Ça les a fait rire. Ils venaient pour me proposer un autre rôle et d’un coup à leurs yeux, je suis devenu le Boucher. Je suis tombé fou amoureux de cette histoire", déclare l'acteur.
Enfin, il faut noter que le chef-opérateur du film n'était autre que Darius Khondji, grand artiste ayant collaboré avec David Fincher (Seven), Woody Allen (Minuit à Paris) ou Bong Joon-ho (Okja).
D'après le directeur de la photographie, Jeunet et Caro avaient toujours tous les deux une vue sur l'ensemble. Cependant, "Caro supervisait tout, particulièrement le visuel : la couleur, la lumière, l'ambiance, les costumes, les décors…"
"Jean-Pierre était vraiment sur la direction d'acteur et la mise en cadre. Mais parfois Caro et moi avions peut-être tendance à aller trop loin dans la stylisation, et Jean-Pierre nous ramenait vers plus de réalisme ou de comédie.

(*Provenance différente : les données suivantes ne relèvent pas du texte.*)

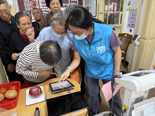 百事員工志愿者協(xié)助老人對(duì)營(yíng)養(yǎng)餐進(jìn)行評(píng)分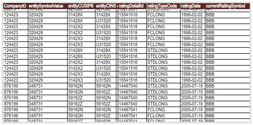 RatingsXpress offers one of the industry’s largest databases of current and historical credit ratings from S&P Global Ratings with entity- and security-level data in one schema. The credit ratings cover nearly one million securities: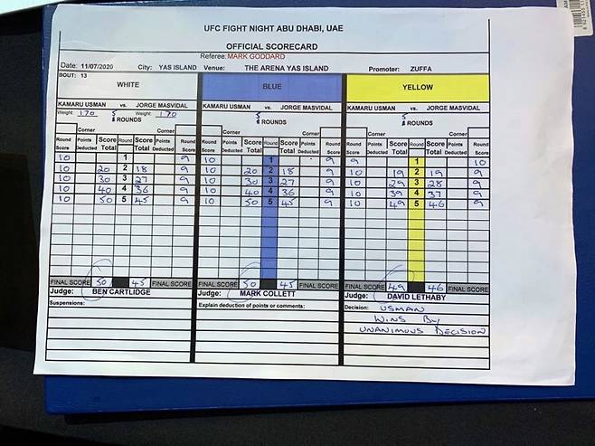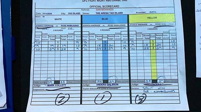 전 UFC 심판으로 현재 벨라토르 해설을 맡고 있는 존 맥카시는 트위터에서 "마크 콜렛(Mark Collet)을 잘라야 한다"고 강하게 비판했다. 콜렛은 UFC 251에서 제시카 안드라지에게 29-28 채점을, 알렉산더 볼카노프스키에게 48-47 채점을 한 저지(judge)다. (트위터)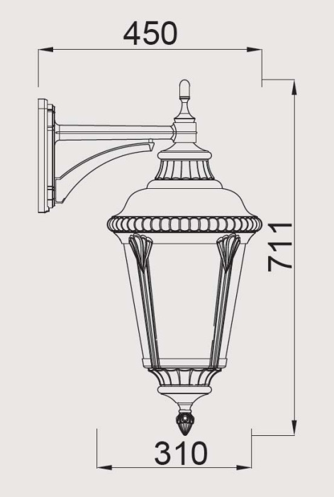 Размеры светильника: ширина 310 мм., высота 711 мм.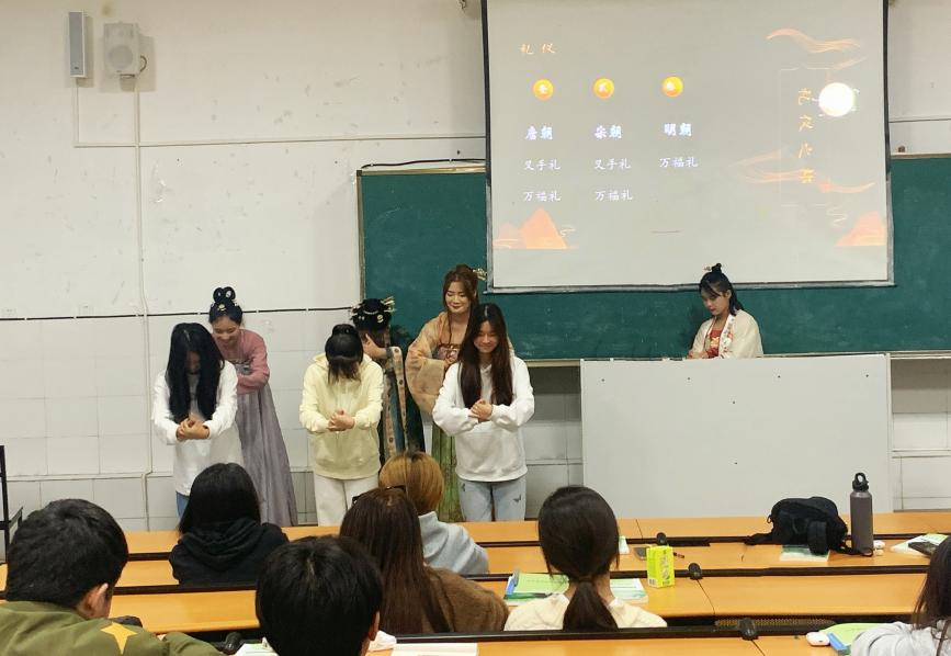 展示小组主要从走进汉服、街头采访、热点链接、实践体验、文化传承五个方面进行了分享。走进汉服环节,小组结合国风大典等视频分享了汉服的历史演变背后折射的不同文化内涵、价值观念、审美理念等。街头采访环节,小组通过课前去成都龙潭水乡、文殊院等地调研,了解大众如何看待“汉服热”现象,形成调研采访视频在课堂上播放。热点链接环节,小组以洛阳汉服火爆出圈为例分析出圈原因以及洛阳因时而变的文旅融合发展情况。实践体验环节,小组成员介绍各自所穿汉服的特点,并与同学开展互动,一起体验不同朝代的礼仪文化。文化传承环节,小组结合教学专题“继承优良传统 弘扬中国精神”内容,指出当代青年要尊重和传承中华优秀传统文化,以时代精神激活中华优秀传统文化的生命力,推进中华优秀传统文化创造性转化和创新性发展。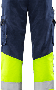 Part of Fristads Green collection / Sustainable / Rib-knit stretch panels at waist / Concealed front button / 2 front pockets / 2 back pockets / Double reinforced crotch seam / Hammer loop / CORDURA®-reinforced folding rule pocket with tool pocket, pen pocket, button and loop for sheath knife / Leg pocket with snap fastening, pocket with flap and velcro fastening, D-ring / CORDURA®-reinforced knee pockets with inside opening / Height adjustment for knee pads in knee pocket / CORDURA®-reinforced leg end / Leg length can be lengthened by 5 cm or shortened by 3 cm / Approved according to EN ISO 20471 class 1, EN 14404 together with kneepads 124292 and EN 13758-2 UPF 40+ Solar UV Protective Properties / Approved after 50 washes / Leasing-laundry tested according to ISO 15797 / With EPD (Environmental Product Declaration) – registration number 3881 at environdec.com / OEKO-TEX® certified.

Comme ils avaient tout storyboardé, c'était très précis. C'est rare que je travaille sur un film aussi pensé, travaillé à l'avance. Il n'y a qu'eux, David Fincher et Bong Joon-ho."
En dernière instance, Delicatessen a été très bien accueilli par la critique et le public. Il a notamment attiré 1,5 million de spectateurs au cinéma. Il a aussi remporté 4 Césars en 1992 : Meilleure première œuvre, Meilleurs décors, Meilleur montage et Meilleur scénario original.